First Author  Chang TH Year  2017
Journal  PLoS Pathog Volume  13
Issue  7 Pages  e1006485
PubMed ID  28671985 Mgi Jnum  J:245538
Mgi Id  MGI:5916094 Doi  10.1371/journal.ppat.1006485
Citation  Chang TH, et al. (2017) Dectin-2 is a primary receptor for NLRP3 inflammasome activation in dendritic cell response to Histoplasma capsulatum. PLoS Pathog 13(7):e1006485
abstractText  Inflammasome is an intracellular protein complex that serves as cytosolic pattern recognition receptor (PRR) to engage with pathogens and to process cytokines of the interleukin-1 (IL-1) family into bioactive molecules. It has been established that interleukin-1beta (IL-1beta) is important to host defense against Histoplasma capsulatum infection. However, the detailed mechanism of how H. capsulatum induces inflammasome activation leading to IL-1beta production has not been studied. Here, we showed in dendritic cells (DCs) that H. capsulatum triggers caspase-1 activation and IL-1beta production through NLRP3 inflammasome. By reciprocal blocking of Dectin-1 or Dectin-2 in single receptor-deficient DCs and cells from Clec4n-/-, Clec7a-/-, and Clec7a-/-Clec4n-/- mice, we discovered that while Dectin-2 operates as a primary receptor, Dectin-1 serves as a secondary one for NLRP3 inflammasome.

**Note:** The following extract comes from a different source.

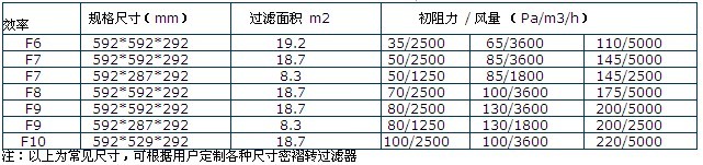 初效过滤器(密褶式) 过滤材料为玻璃纤维过滤纸,超细聚丙烯过滤纸,外框为铝合金,分隔物为热熔胶,密封胶为聚氨酯,效率为( F6-H10 五种)中新—亚高效。 特点:过滤面积大,阻力小,寿命长。可焚烧环保。 常见尺寸:

In addition, both receptors trigger Syk-JNK signal pathway to activate signal 1 (pro-IL-1beta synthesis) and signal 2 (activation of caspase-1). Results of pulmonary infection with H. capsulatum showed that CD103+ DCs are one of the major producers of IL-1beta and Dectin-2 and Dectin-1 double deficiency abolishes their IL-1beta response to the fungus. While K+ efflux and cathepsin B (but not ROS) function as signal 2, viable but not heat-killed H. capsulatum triggers profound lysosomal rupture leading to cathepsin B release. Interestingly, cathepsin B release is regulated by ERK/JNK downstream of Dectin-2 and Dectin-1. Our study demonstrates for the first time the unique roles of Dectin-2 and Dectin-1 in triggering Syk-JNK to activate signal 1 and 2 for H. capsulatum-induced NLRP3 inflammasome activation.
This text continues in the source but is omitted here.